May 2009

Molybdenum, served with beer

A transition metal and a Germanic elixir enliven the CIM Los Andes Branch annual meeting

By S. Tarbutt


On December 15, the CIM Los Andes Branch held the last monthly meeting for 2008. A lecture was given by Gabriel Gutierrez, vice president, engineering development for Molibdenos y Metales S.A., or Molymet, as it is more generally known. The company produces various molybdenum commercial products as well as rhenium.

Molymet was formed in 1937 to process molybdenum concentrates in Chile, and has grown in size to represent some 34 per cent of the molybdenum and 70 per cent of the rhenium world markets. It now has other plants in Mexico, Germany and Belgium, and operates in the United States and China. It is listed on the Santiago stock exchange, and has ISO 14001 as well as OHSAS 18001 accreditation.
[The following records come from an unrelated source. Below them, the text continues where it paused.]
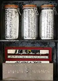 - ↑ Rob Perrée writes in 1988 in:[4]: 43 [...] ""HouseRites" is Pink's most complex project. Not because she combines the various disciplines of Environment, Video and Performance, since her other works are not in this sense simple either. It is more because her subject matter is clustered together into a compact whole and that, from the 'filled' source, she still links up the territorial character of the space in which the work presents itself - that is, the museum. The Environment consists of a large, dark-red marble ring, with a steel ring around that. From this steel ring, seven safes ascend. Six of them from the inside; the seventh is aimed, by means of a monitor, directly at the viewer. Behind the ring is located, on a wooden dais, a marble chimney. The totality is screened off from the viewer and the surroundings by a sisal cord. The Performance consists of Pink's careful morning cleanup of her territory. After that she dresses up in evening clothes, goes and gets the objects important for her and her family out of the safes, and places them with care and dedication on the mantelpiece, next to other personally tinted objects. Then she leaves the space and turns on the monitor, which lets her own, intimate light shine on the separate objects. At the end of the afternoon she stashes everything up securely in the safes. This daily ritual is repeated for three weeks. The "HouseRites" take place in a museum space or in its vicinity, but then 'wrapped up' in their own glass museum - the so-called Crystal Museum. By protecting and pampering them, and by giving luster to the objects to be emphasized, Pink refers to the curating function of a museum. By screening off her ordinary, quotidian rituals, she is at the same time taking distance from them, because curating at a museum is mainly aimed at lifting works of art out of the everyday. "
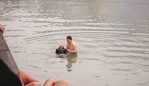 網(wǎng)友zcxyh介紹說(shuō),出事地點(diǎn)位于常州市中心附近一座比較著名的公園——蘭園旁的白蕩浜河,事發(fā)當(dāng)天,見到女子跳河后,這位和女兒在公園散步的男子二話不說(shuō),脫下衣褲就跳入冰冷的河水中,雖然救人的中年男子在水中凍得直打哆嗦,但他還是堅(jiān)持游到輕生女子跟前,不顧一切地把女子往岸邊拉。警方趕到時(shí),救人的中年男子把警方投遞來(lái)的繩索和救生圈套在女子身上,成功地將女子營(yíng)救上岸后,中年男子也不多話,穿起衣服后悄悄地走了!斑@一幕讓我感動(dòng),因此,趕緊拿出相機(jī),拍攝了整個(gè)過(guò)程!
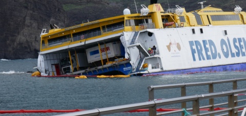 El ferry "Bentago Express" de la naviera Fred Olsen, encallado junto al muelle de Agaete (Gran Canaria), "no tiene ningún tipo de riesgo de hundimiento" ni tampoco de provocar contaminación ambiental, según han asegurado este lunes los responsables del dispositivo organizado para rescatar el buque.
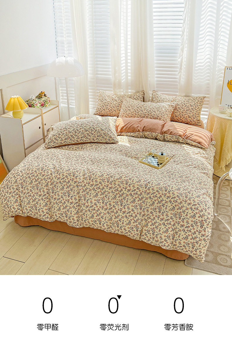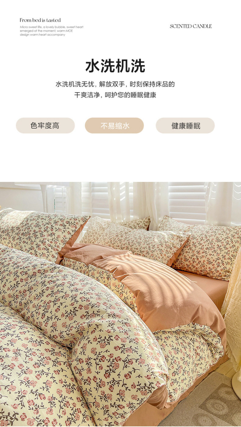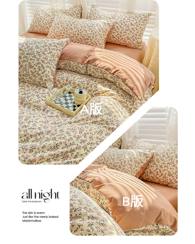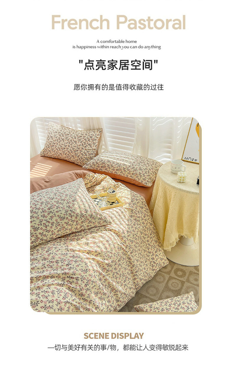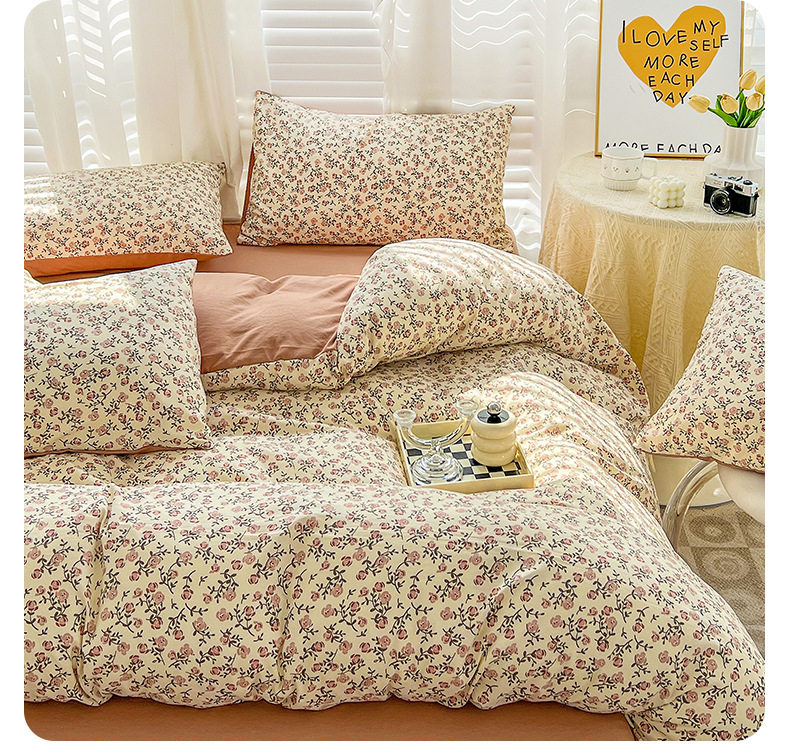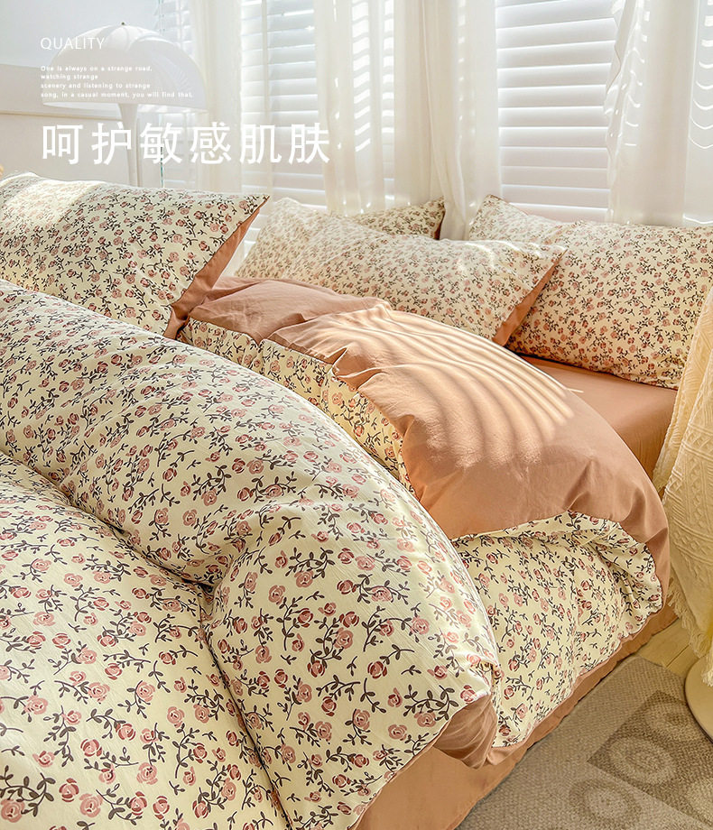 Category a Maternal and Infant Grade Double-Layer Yarn Cotton and Linen Washed Cotton Four-Piece Set French Small Floral Quilt Cover Three-Piece Bed Bed Sheets Set
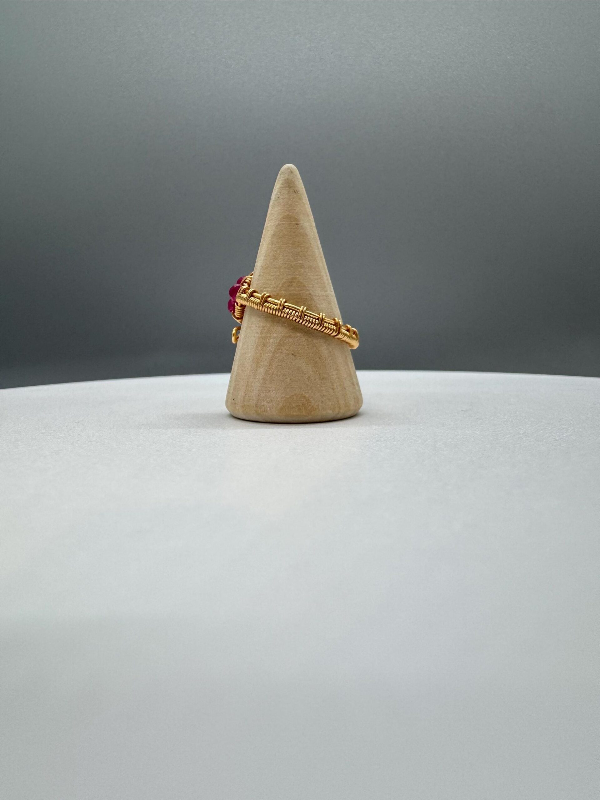 This ring is made of 18k gold plated copper wires and lab created rubies.

An interesting and varied review was presented using PowerPoint graphs and photos of the organization, the processes, the plants in the various countries, future expansion plans — including a new plant in northern Chile at Mejillones port — as well as the uses, and the shrinking market and price of molybdenum. The presentation was followed by questions from a clearly attentive audience of 50 people that included students, suppliers, engineering and mining companies, and accounting and legal personnel.

To fulfill the other objective of the meeting — that of providing a setting for an open exchange among industry personnel — the evening concluded with a buffet prepared by the Radisson Santiago Hotel and was accompanied by an excellent Chilean beer, a worthy heritage of the German settlements that made their home in the middle south of Chile in the 19th century.